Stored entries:
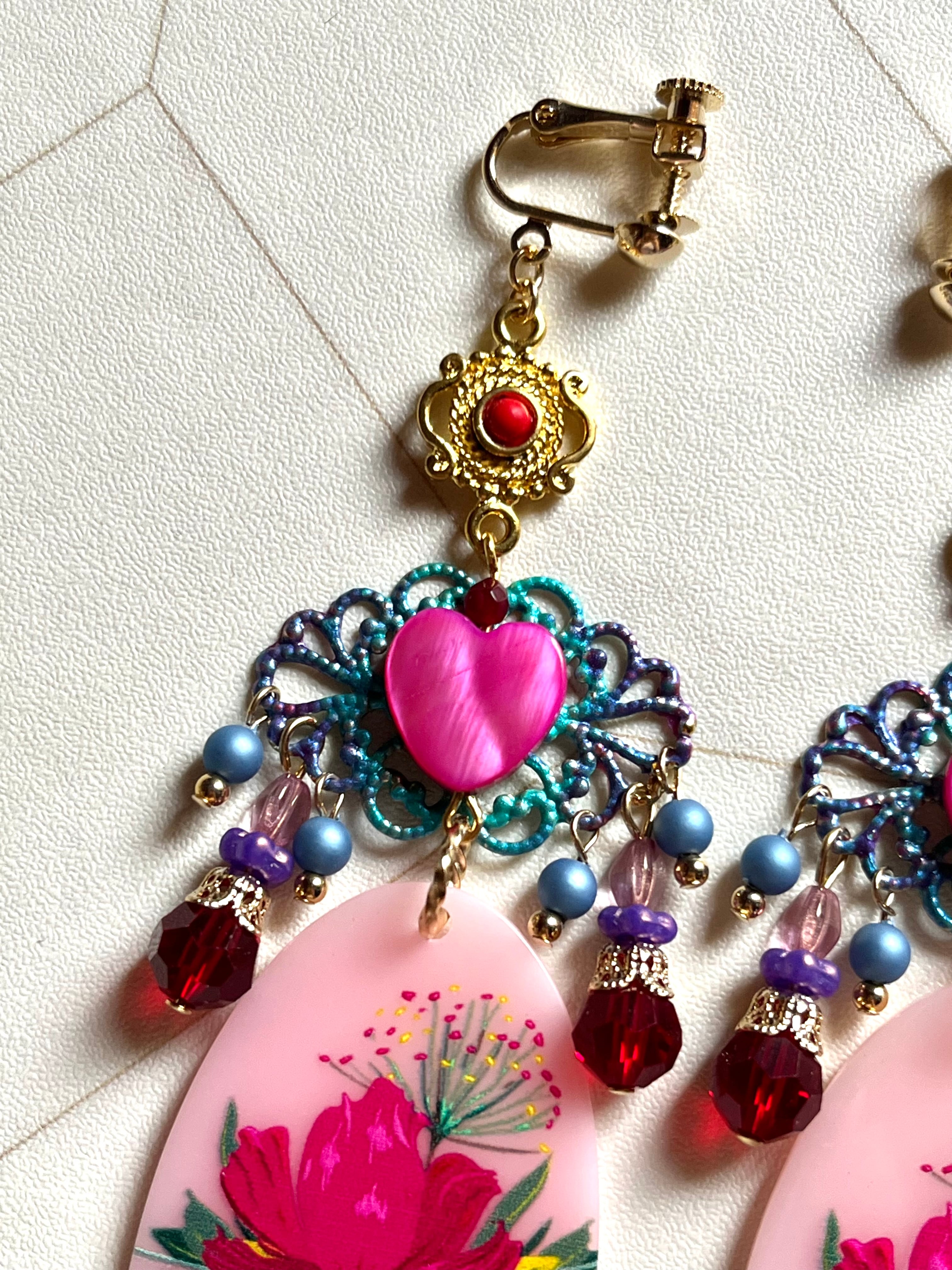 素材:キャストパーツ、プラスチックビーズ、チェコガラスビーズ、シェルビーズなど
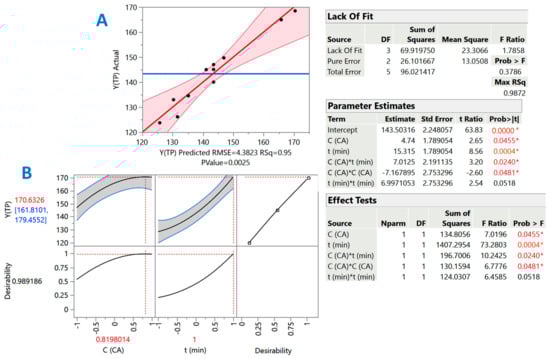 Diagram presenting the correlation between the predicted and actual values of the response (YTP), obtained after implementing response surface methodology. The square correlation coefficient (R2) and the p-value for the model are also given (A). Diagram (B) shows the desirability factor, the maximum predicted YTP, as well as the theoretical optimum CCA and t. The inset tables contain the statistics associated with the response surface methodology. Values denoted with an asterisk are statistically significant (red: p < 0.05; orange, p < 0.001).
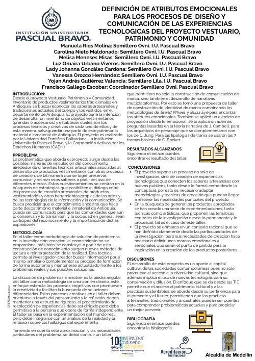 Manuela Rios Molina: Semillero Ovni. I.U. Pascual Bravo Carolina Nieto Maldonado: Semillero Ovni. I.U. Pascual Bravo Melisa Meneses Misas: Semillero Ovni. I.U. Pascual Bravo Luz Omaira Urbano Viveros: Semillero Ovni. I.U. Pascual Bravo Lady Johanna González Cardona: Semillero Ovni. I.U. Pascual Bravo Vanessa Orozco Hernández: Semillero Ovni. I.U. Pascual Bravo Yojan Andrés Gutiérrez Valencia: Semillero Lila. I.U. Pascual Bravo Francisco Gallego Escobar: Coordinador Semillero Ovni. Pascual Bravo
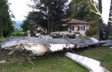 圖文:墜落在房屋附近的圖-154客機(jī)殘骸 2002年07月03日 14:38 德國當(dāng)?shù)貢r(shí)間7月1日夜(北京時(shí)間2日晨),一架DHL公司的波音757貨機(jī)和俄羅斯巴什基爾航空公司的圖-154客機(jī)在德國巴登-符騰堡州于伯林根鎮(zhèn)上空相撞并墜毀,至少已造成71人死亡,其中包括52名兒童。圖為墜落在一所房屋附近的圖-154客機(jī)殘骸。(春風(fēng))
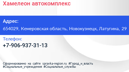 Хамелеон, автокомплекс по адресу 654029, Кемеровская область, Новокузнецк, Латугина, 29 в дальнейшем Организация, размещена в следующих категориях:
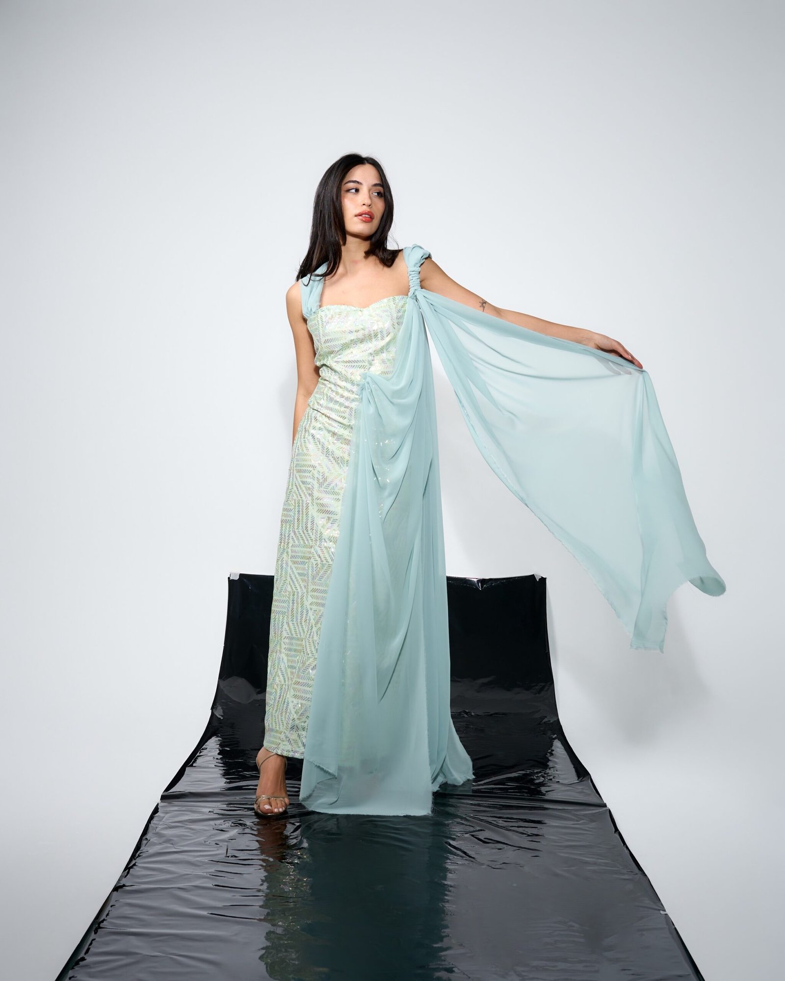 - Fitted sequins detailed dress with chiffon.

_Task statement:_ Without including any picture, repeat the data exactly.

_Answer for this exercise:_
 素材:キャストパーツ、プラスチックビーズ、チェコガラスビーズ、シェルビーズなど
 Diagram presenting the correlation between the predicted and actual values of the response (YTP), obtained after implementing response surface methodology. The square correlation coefficient (R2) and the p-value for the model are also given (A). Diagram (B) shows the desirability factor, the maximum predicted YTP, as well as the theoretical optimum CCA and t. The inset tables contain the statistics associated with the response surface methodology. Values denoted with an asterisk are statistically significant (red: p < 0.05; orange, p < 0.001).
 Manuela Rios Molina: Semillero Ovni. I.U. Pascual Bravo Carolina Nieto Maldonado: Semillero Ovni. I.U. Pascual Bravo Melisa Meneses Misas: Semillero Ovni. I.U. Pascual Bravo Luz Omaira Urbano Viveros: Semillero Ovni. I.U. Pascual Bravo Lady Johanna González Cardona: Semillero Ovni. I.U. Pascual Bravo Vanessa Orozco Hernández: Semillero Ovni. I.U. Pascual Bravo Yojan Andrés Gutiérrez Valencia: Semillero Lila. I.U. Pascual Bravo Francisco Gallego Escobar: Coordinador Semillero Ovni. Pascual Bravo
 圖文:墜落在房屋附近的圖-154客機(jī)殘骸 2002年07月03日 14:38 德國當(dāng)?shù)貢r(shí)間7月1日夜(北京時(shí)間2日晨),一架DHL公司的波音757貨機(jī)和俄羅斯巴什基爾航空公司的圖-154客機(jī)在德國巴登-符騰堡州于伯林根鎮(zhèn)上空相撞并墜毀,至少已造成71人死亡,其中包括52名兒童。圖為墜落在一所房屋附近的圖-154客機(jī)殘骸。(春風(fēng))
 Хамелеон, автокомплекс по адресу 654029, Кемеровская область, Новокузнецк, Латугина, 29 в дальнейшем Организация, размещена в следующих категориях:
 - Fitted sequins detailed dress with chiffon.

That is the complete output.